-- ENTRIES SUPPLIED follows --

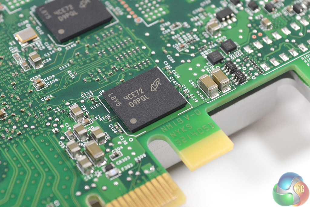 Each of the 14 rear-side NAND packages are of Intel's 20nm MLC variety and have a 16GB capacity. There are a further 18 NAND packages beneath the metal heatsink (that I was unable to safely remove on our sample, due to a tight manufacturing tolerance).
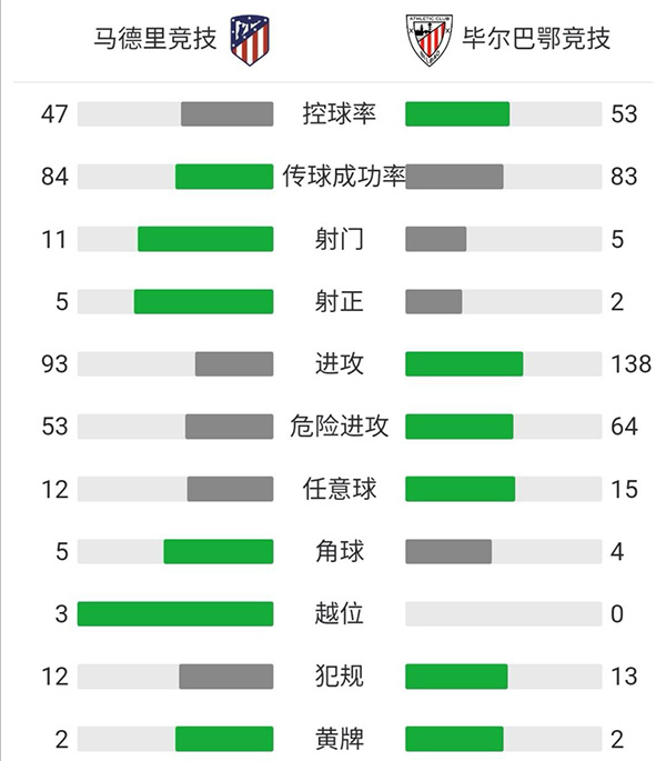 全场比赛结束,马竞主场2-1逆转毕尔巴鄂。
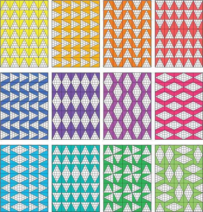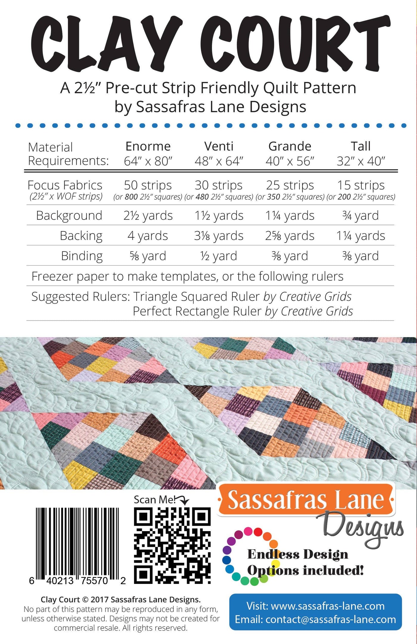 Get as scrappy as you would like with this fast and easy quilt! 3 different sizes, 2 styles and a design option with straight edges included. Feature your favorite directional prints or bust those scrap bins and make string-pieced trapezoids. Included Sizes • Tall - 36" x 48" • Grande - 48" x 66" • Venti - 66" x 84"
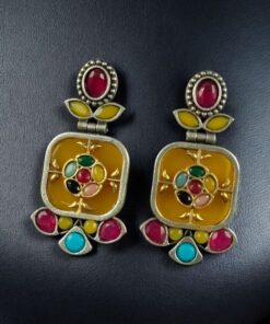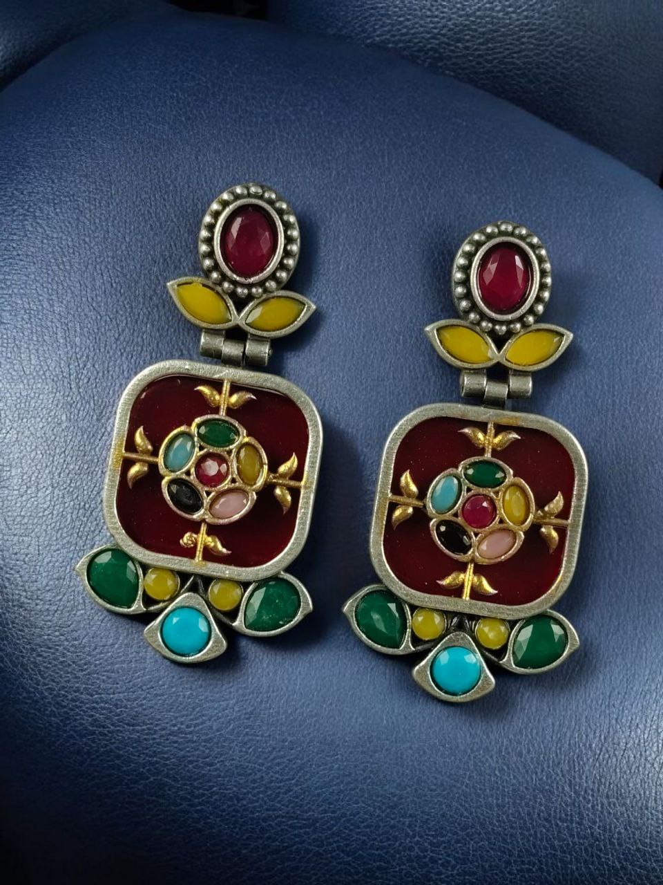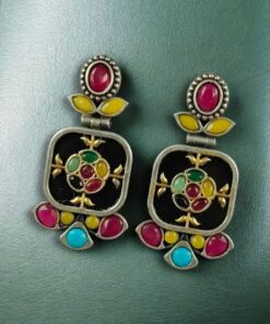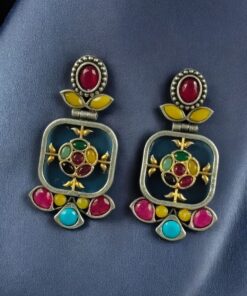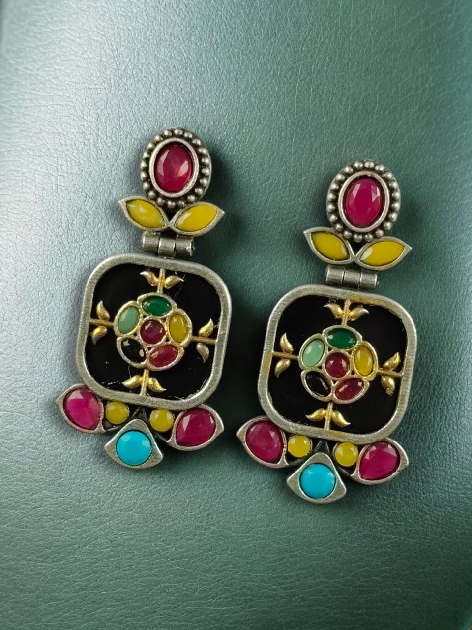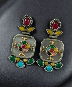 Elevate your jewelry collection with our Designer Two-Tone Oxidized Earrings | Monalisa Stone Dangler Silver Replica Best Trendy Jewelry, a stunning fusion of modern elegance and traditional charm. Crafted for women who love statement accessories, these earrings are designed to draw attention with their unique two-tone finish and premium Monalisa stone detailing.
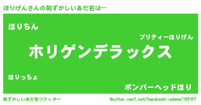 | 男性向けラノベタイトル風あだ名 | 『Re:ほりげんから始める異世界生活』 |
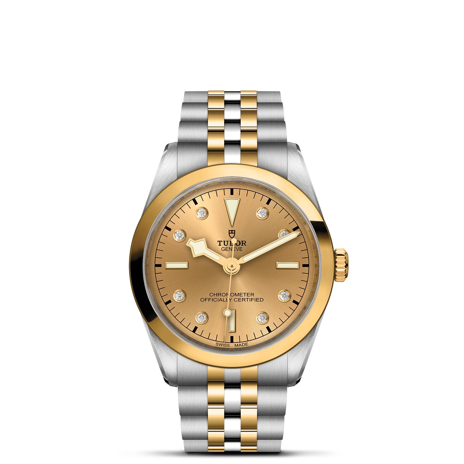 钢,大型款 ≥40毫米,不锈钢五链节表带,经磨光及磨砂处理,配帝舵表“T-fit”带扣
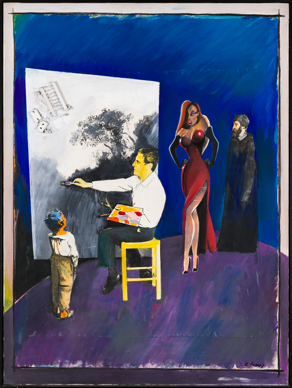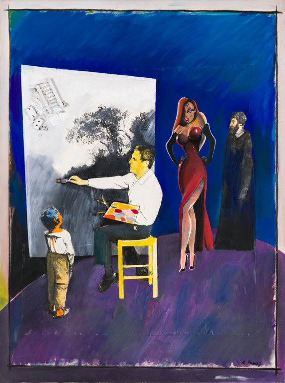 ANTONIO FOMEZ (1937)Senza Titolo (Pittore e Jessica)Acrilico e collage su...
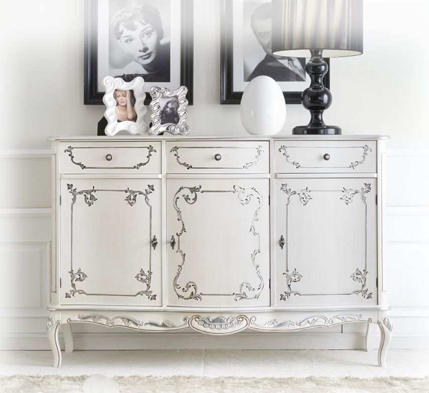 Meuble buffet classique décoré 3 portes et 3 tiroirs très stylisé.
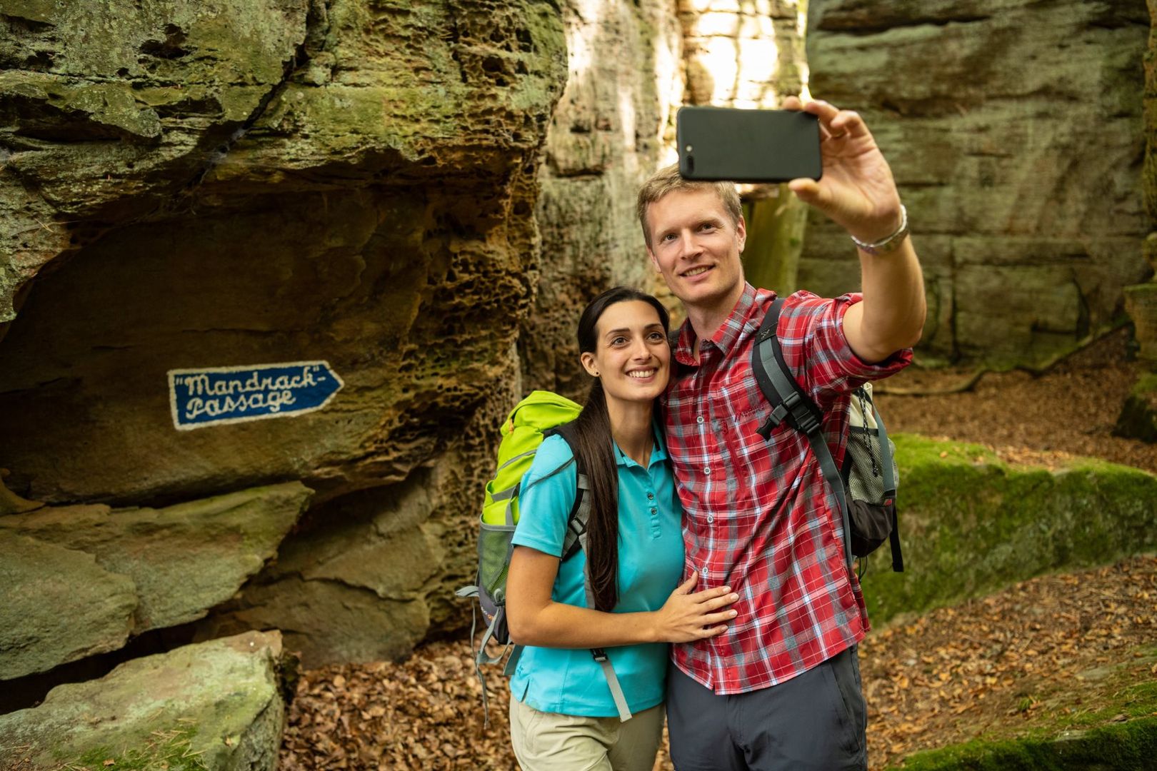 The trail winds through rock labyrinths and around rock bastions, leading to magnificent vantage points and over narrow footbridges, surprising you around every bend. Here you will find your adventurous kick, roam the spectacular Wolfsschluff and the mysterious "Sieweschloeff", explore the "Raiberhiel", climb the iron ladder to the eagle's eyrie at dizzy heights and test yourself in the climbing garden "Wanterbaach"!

-- ENTRIES SUPPLIED concluded --
-- ENTRIES SUPPLIED follows --

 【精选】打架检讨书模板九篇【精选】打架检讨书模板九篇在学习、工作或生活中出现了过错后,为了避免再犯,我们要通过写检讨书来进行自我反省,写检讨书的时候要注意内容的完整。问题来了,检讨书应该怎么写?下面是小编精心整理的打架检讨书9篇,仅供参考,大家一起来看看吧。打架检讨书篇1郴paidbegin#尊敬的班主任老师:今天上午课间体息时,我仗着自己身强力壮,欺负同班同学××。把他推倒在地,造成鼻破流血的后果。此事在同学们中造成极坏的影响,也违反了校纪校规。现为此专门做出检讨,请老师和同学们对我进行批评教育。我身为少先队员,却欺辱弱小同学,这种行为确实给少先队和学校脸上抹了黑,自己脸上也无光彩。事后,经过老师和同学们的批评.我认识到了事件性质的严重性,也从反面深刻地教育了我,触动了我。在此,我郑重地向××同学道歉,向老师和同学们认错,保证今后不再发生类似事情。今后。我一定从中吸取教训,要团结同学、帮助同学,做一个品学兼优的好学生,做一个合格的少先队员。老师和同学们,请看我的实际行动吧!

-- ENTRIES SUPPLIED concluded --

REQUIRED WORK ▸
After locating the line containing "Each of the" in the entries above, return it and every line after it exactly, ending at the line containing "Elevate your jewelry", without pictures.

YOUR RESPONSE ▸
 Each of the 14 rear-side NAND packages are of Intel's 20nm MLC variety and have a 16GB capacity. There are a further 18 NAND packages beneath the metal heatsink (that I was unable to safely remove on our sample, due to a tight manufacturing tolerance).
 全场比赛结束,马竞主场2-1逆转毕尔巴鄂。
 Get as scrappy as you would like with this fast and easy quilt! 3 different sizes, 2 styles and a design option with straight edges included. Feature your favorite directional prints or bust those scrap bins and make string-pieced trapezoids. Included Sizes • Tall - 36" x 48" • Grande - 48" x 66" • Venti - 66" x 84"
 Elevate your jewelry collection with our Designer Two-Tone Oxidized Earrings | Monalisa Stone Dangler Silver Replica Best Trendy Jewelry, a stunning fusion of modern elegance and traditional charm. Crafted for women who love statement accessories, these earrings are designed to draw attention with their unique two-tone finish and premium Monalisa stone detailing.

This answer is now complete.